■ Your objective ■
Please, without any pictures, set down exactly the part of the listing below that opens with the line containing "white_pantyhose wrist_cuffs yellow_horns" and closes with the line containing "- 1 užsegamas".

■ Source data ■
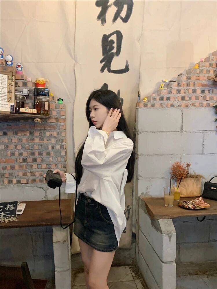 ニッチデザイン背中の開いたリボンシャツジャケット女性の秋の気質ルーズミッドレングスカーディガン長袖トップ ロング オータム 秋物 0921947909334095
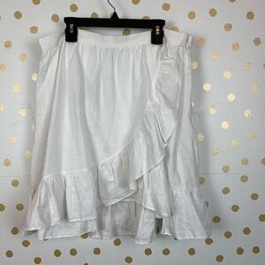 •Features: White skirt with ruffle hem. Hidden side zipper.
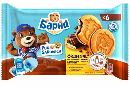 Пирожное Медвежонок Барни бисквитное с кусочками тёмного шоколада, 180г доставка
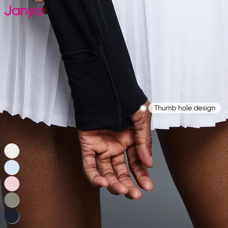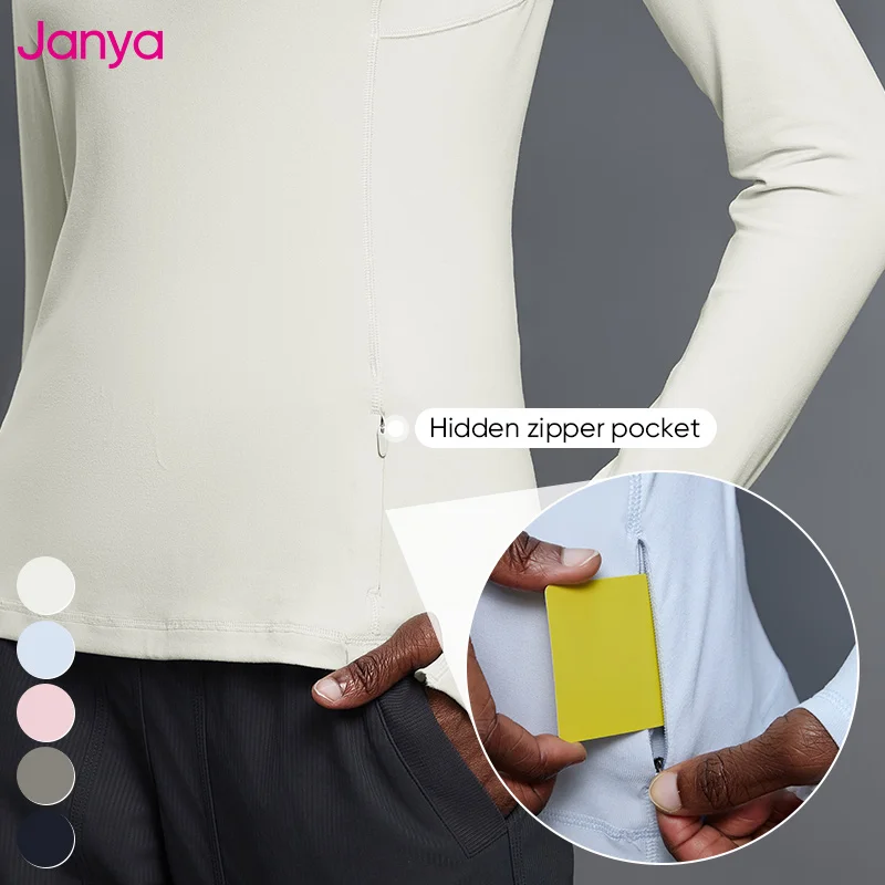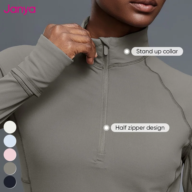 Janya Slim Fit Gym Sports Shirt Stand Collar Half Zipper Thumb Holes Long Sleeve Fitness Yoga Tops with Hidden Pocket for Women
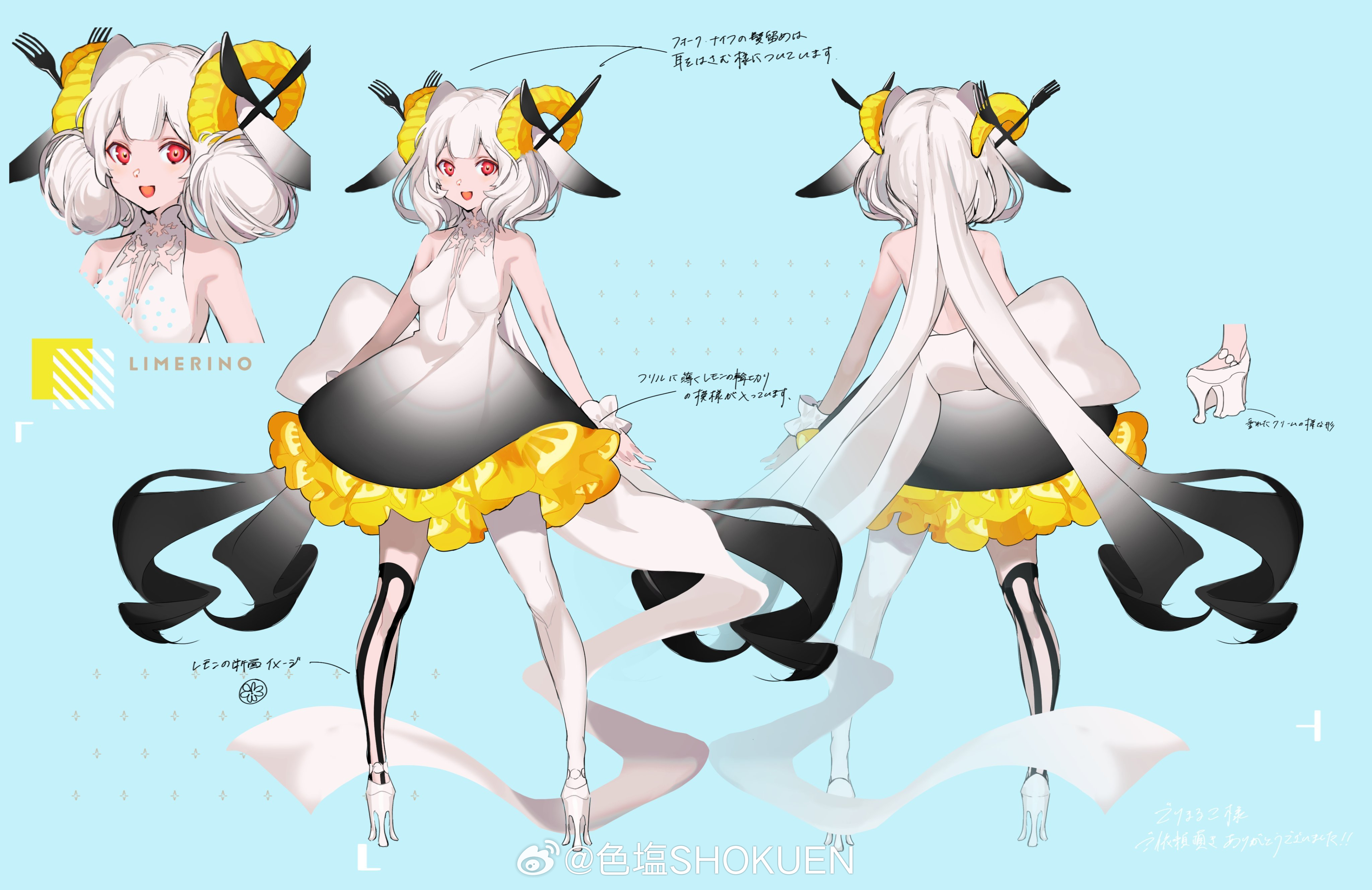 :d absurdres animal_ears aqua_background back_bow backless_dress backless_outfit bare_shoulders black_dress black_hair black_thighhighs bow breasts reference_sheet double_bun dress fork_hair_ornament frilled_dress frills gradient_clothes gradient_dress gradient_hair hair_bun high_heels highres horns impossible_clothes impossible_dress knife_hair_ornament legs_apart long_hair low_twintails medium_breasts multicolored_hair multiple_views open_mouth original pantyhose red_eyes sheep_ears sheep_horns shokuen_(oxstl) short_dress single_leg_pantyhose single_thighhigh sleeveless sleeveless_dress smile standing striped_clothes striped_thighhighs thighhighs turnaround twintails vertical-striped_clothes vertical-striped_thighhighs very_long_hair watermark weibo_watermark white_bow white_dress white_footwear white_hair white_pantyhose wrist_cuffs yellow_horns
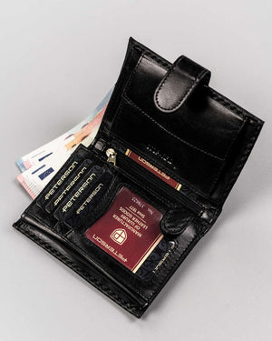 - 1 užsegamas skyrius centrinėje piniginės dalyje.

* * *

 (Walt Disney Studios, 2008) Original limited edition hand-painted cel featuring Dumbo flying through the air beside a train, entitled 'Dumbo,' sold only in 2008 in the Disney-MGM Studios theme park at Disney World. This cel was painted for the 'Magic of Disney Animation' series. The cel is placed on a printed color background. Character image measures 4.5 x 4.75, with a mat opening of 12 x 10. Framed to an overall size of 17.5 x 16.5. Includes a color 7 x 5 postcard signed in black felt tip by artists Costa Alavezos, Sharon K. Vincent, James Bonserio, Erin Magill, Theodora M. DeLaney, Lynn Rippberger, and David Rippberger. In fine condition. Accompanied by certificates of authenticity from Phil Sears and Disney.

■ Response ■
 :d absurdres animal_ears aqua_background back_bow backless_dress backless_outfit bare_shoulders black_dress black_hair black_thighhighs bow breasts reference_sheet double_bun dress fork_hair_ornament frilled_dress frills gradient_clothes gradient_dress gradient_hair hair_bun high_heels highres horns impossible_clothes impossible_dress knife_hair_ornament legs_apart long_hair low_twintails medium_breasts multicolored_hair multiple_views open_mouth original pantyhose red_eyes sheep_ears sheep_horns shokuen_(oxstl) short_dress single_leg_pantyhose single_thighhigh sleeveless sleeveless_dress smile standing striped_clothes striped_thighhighs thighhighs turnaround twintails vertical-striped_clothes vertical-striped_thighhighs very_long_hair watermark weibo_watermark white_bow white_dress white_footwear white_hair white_pantyhose wrist_cuffs yellow_horns
 - 1 užsegamas skyrius centrinėje piniginės dalyje.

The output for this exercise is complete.